**Exercise:** The first line of the listing opens the range and the line with "為替市況の推移 (期首を100として指数化)" closes it; repeat those lines and all between them word for word, leaving out the pictures.

**Exercise input:**
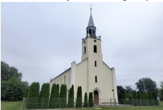
Zdjęcie nr 11. Kościół pw. MB Różańcowej w Nadolicach Wielkich

Kościół pw. MB Różańcowej w Nadolicach Wielkich , wcześniej ewangelicki, wzniesiony w latach 1847-1849, wg projektu inspektora budowlanego Zahna, neoromański. W 1862 r. zakończono przebudowę kościoła, w czasie której dostawiono do niego wieżę.
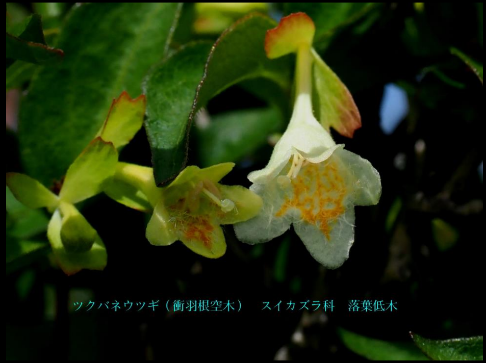
ツクバネウツギ (衝羽根空木) スイカズラ科 落葉低木
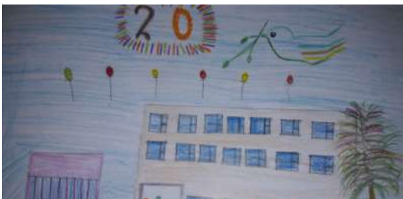
Ilja Poležajev, 5 a klasė

Aš norėčiau, kad mano ateities mokykla būtų išmani. Norėčiau, kad vietoj sąsiuvinio būtų viena planšetė, o vietoj knygų taip pat koks nors išmanus prietaisas. Taip būtų daug paprasčiau. Namų darbų apimtis nedidelė. Žinoma, būtų puiku, jei mokytojai neužduotų skaityti knygų per vasarą. Turėtų būti
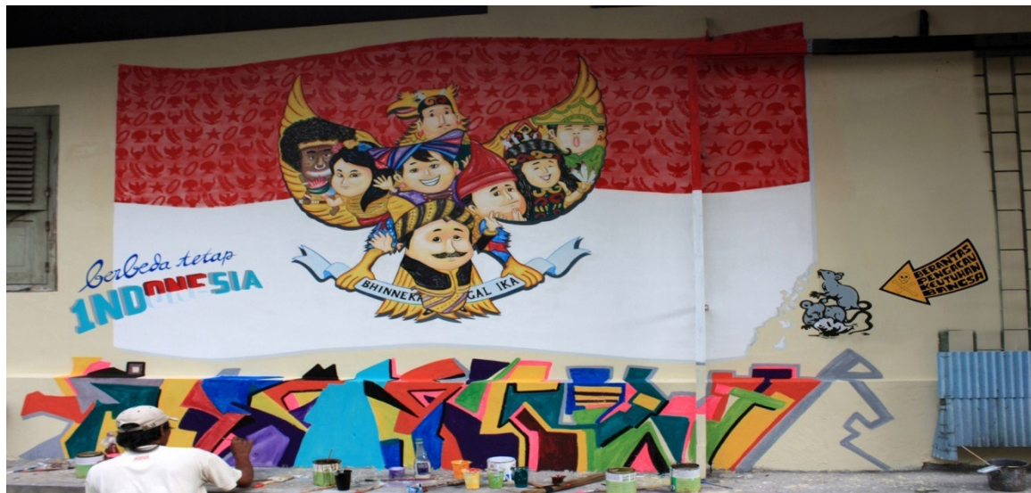
Gambar 2. Pemenang Juara 2

ANG menggambarkan dalam bentuk Nasionalisme pada gambar 4. RZ memaknai gambarnya dengan perbedaan memperin-
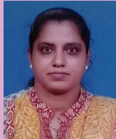
■ ജിജി - MFL

തുടങ്ങണം പ്രാർത്ഥിച്ചോരോ ദിവസവും പാലിക്കണം കൃത്യമായോരോ നിയമവും പാഴാക്കിടല്ലേ സമയത്തെയൊരിക്കലും കൃത്യത എപ്പോഴുമുണ്ടായിരിക്കേണം. വന്ദിച്ചീടേണം നാമോരോരുത്തരെയും യജമാനരാണവരെന്നോർക്കണം ആരായണം അവർതൻ വിശേഷങ്ങളെല്ലാം ഊഷ്മളമാക്കണം ബന്ധങ്ങളോരോന്നും.
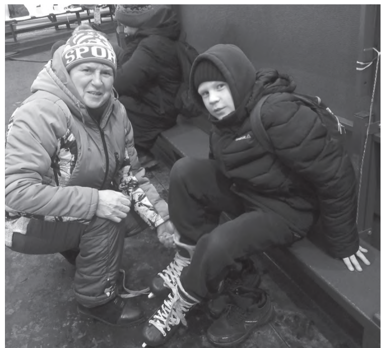
Сейчас коньки надену и покачусь...
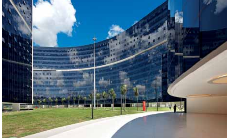
Cidade Administrativa Minas Gerais - Brazil 22,000 tende in vetrocamera ScreenLine 22,000 ScreenLine integrated blind systems
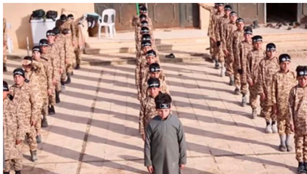
Beeld uit propagandavideo over trainingskamp voor kinderen

Jongens kunnen ook aangemeld worden door hun ouders, of zelfstandig besluiten bij zo'n kamp te gaan. Deze kampen volgen het voorbeeld van trainingskampen voor volwassenen. Jongens kunnen mogelijk al vanaf 9 jaar meedoen en worden daar ingedeeld in gespecialiseerde richtingen als strijder, aanslagpleger, bommenmaker of sluipschutter. De opleiding bestaat uit een ideologische en militaire vorming. Een dag in een trainingskamp bestaat bijvoorbeeld uit het volgen van Koranlessen, fysieke training en het leren van tactieken, zoals het oefenen van onthoofden op een pop.
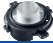
Kopieerring Ø 24 mm Best.-nr. 209850
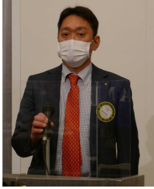
植田親睦活動委員長 本日のゲスト・ビジターのご紹介
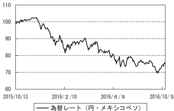
為替市況の推移 (期首を100として指数化)

(注) グラフの数値は、ファンドの基準価額との関連を考慮して、前営業日の値を使用しています。
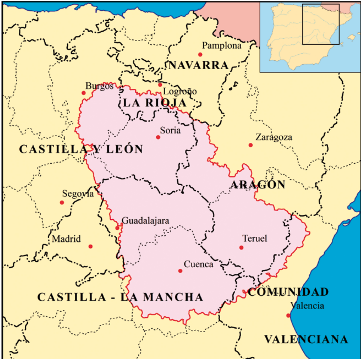
Figura 1. Delimitación de la "Serranía Celtibérica".

más baja de España, sus características de verdadero desierto quedan reflejadas cuando se buscan los paralelos a escala de Europa, ya que sólo se hallan en las regiones árticas de Suecia y Finlandia con densidades de 9,8 en Dalarnas län; 9,6 en Pohjois-Karjala; 4,6 en Västerbottens län o 2 en Lappi. Cifras, estas últimas, extremas en las que se encuentran las zonas rurales más deshabitadas del territorio montañoso de la Celtiberia como la Serranía de Albarracín o la Serranía de Cuenca (figura 3).
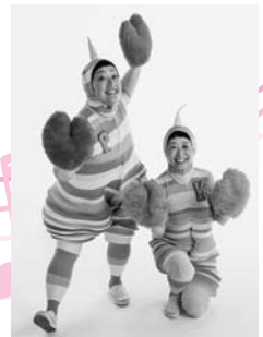
『エビカニクス』で人気のケロポンズ

☎3月17日(日)13時～(開場/12時30分) 所文化センター 内遊ぶうた『エビカニクス』で人気のケロポンズのファミリーコンサート 【出演】ケロポンズ ●チケット販売 ☎1月19日(土)10時からインターネット(☎http://www.ageo-kousya.or.jp/center/)で ※セブン-イレブン、ファミリーマートのマルチコピー機でも販売します。 ※1月21日(月)9時から文化センター窓口でも販売します。 ※売り切れ次第終了です。 ☎一般/2,000円、小学生以下/1,000円、親子ペア/2,800円 ※2歳以下は無料ですが、座席が必要な場合は有料です(全席指定)。
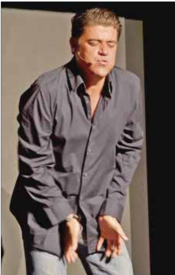
"El Burro" Van Rankin.

**Answer to the problem:**
Zdjęcie nr 11. Kościół pw. MB Różańcowej w Nadolicach Wielkich

Kościół pw. MB Różańcowej w Nadolicach Wielkich , wcześniej ewangelicki, wzniesiony w latach 1847-1849, wg projektu inspektora budowlanego Zahna, neoromański. W 1862 r. zakończono przebudowę kościoła, w czasie której dostawiono do niego wieżę.
ツクバネウツギ (衝羽根空木) スイカズラ科 落葉低木
Ilja Poležajev, 5 a klasė

Aš norėčiau, kad mano ateities mokykla būtų išmani. Norėčiau, kad vietoj sąsiuvinio būtų viena planšetė, o vietoj knygų taip pat koks nors išmanus prietaisas. Taip būtų daug paprasčiau. Namų darbų apimtis nedidelė. Žinoma, būtų puiku, jei mokytojai neužduotų skaityti knygų per vasarą. Turėtų būti
Gambar 2. Pemenang Juara 2

ANG menggambarkan dalam bentuk Nasionalisme pada gambar 4. RZ memaknai gambarnya dengan perbedaan memperin-
■ ജിജി - MFL

തുടങ്ങണം പ്രാർത്ഥിച്ചോരോ ദിവസവും പാലിക്കണം കൃത്യമായോരോ നിയമവും പാഴാക്കിടല്ലേ സമയത്തെയൊരിക്കലും കൃത്യത എപ്പോഴുമുണ്ടായിരിക്കേണം. വന്ദിച്ചീടേണം നാമോരോരുത്തരെയും യജമാനരാണവരെന്നോർക്കണം ആരായണം അവർതൻ വിശേഷങ്ങളെല്ലാം ഊഷ്മളമാക്കണം ബന്ധങ്ങളോരോന്നും.
Сейчас коньки надену и покачусь...
Cidade Administrativa Minas Gerais - Brazil 22,000 tende in vetrocamera ScreenLine 22,000 ScreenLine integrated blind systems
Beeld uit propagandavideo over trainingskamp voor kinderen

Jongens kunnen ook aangemeld worden door hun ouders, of zelfstandig besluiten bij zo'n kamp te gaan. Deze kampen volgen het voorbeeld van trainingskampen voor volwassenen. Jongens kunnen mogelijk al vanaf 9 jaar meedoen en worden daar ingedeeld in gespecialiseerde richtingen als strijder, aanslagpleger, bommenmaker of sluipschutter. De opleiding bestaat uit een ideologische en militaire vorming. Een dag in een trainingskamp bestaat bijvoorbeeld uit het volgen van Koranlessen, fysieke training en het leren van tactieken, zoals het oefenen van onthoofden op een pop.
Kopieerring Ø 24 mm Best.-nr. 209850
植田親睦活動委員長 本日のゲスト・ビジターのご紹介
為替市況の推移 (期首を100として指数化)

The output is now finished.